You know, I have been the girl you are describing, and I can tell you what helped me move on and what didn’t.
Do NOT be super nice about it, liking taking her to a nice restaurant. I’ve actually never gotten the point of this . . . why would you want to making breaking up such a special moment
Cut off contact. If you contact her, and she is like I was (which it sounds like she was) she will get it in her head that you are still interested in her.
Do give her reasons in a firm, clear way, and make sure that she realizes that you value the person she is, and think that she undervalues herself. Recommend counseling. I think also explaining that it was a hard decision to arrive at would be useful too.
Do it quickly and without froo froo, but in person.
Did I miss a warning from the mods regarding Skald’s remark about pretending to have balls? Some nerve considering his just sitting back and letting his wife be abused.

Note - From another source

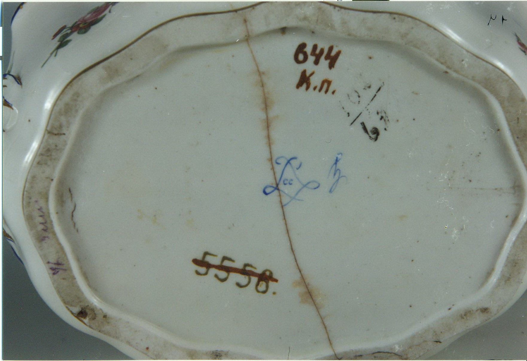 Історія Атрибуціi: консультація Р.С. Соловейчик (Ермітаж, 1961 р.) - Севр, 1780 р. (мяка порцеляна)/Кількість: 1/Старі документи прийому: акт № 103/690

You know, if you’d broken this off before you’d started cheating on her, she’d be able to look back on this a few years from now and say, “He was a nice guy, but it wasn’t meant to be.” Now, if she does find out about the cheating, she may well think of you as scum.
If you aren’t her first serious relationship, she’s got to be aware that relationships come to an end, especially when you’re 20 and life is changing a lot. Even if you are her first, if she thinks about it, she should realize first loves seldom last forever. Prolonging things like this is cruel and all it’s doing is making the two of you miserable longer.
I’d suggest breaking up with her by calling her at home. not on her cell phone. That way, she’s got a bit of privacy to deal with the news. Tell her things have been going downhill for a while and the way things are going you’re just going to continue to make each other miserable. Yes, she may deny you’re making her miserable, but the way things are going, if you’re not, you will be before long. As others have suggested, treat it like ripping off a bandage. Make it quick, endure the sting, and get it over with. At least that way you’re both free to move on and heal. Don’t comfort her, don’t offer to dry her tears, and whatever you do, don’t sleep with her (Someone I know really did this with someone he was trying to break up with. For a smart man, he really can be dumb as a bunch of rocks sometimes! :rolleyes: ).
Obviously he should break up with her by putting a post-it note on her computer screen saying, “I can’t do this.”
Preferably on her birthday.
But seriously, IntelSoldier, why not tell her you’ve been cheating on her rampantly? Then she might dump you and that’ll take care of your problem while also giving you the opportunity to be honest with her so she can get tested for STI’s.
I’m sorry, when I thought she might be suicidal or something I suggested this because it worked once upon a time in a situation with a girl that had really bad issues. The first boyfriend that broke up with her she was about 5 seconds away from killing herself (and I mean she was forcefully stopped from killing herself), the second boyfriend tried something similar to this and she had a much better reaction, maybe she just grew up a bit or got some psychological help (though she always insisted she wouldn’t even tell anyone about it much less get help, maybe she was lying) between points A and B, but overall the insane self-detrimental reaction we saw the first time was replaced by the typical down-in-the-dumps attitude the second time. Maybe it was an odd case, I’ve only ever seen anything like I THOUGHT the girl was like in the OP once and that’s how it was handled.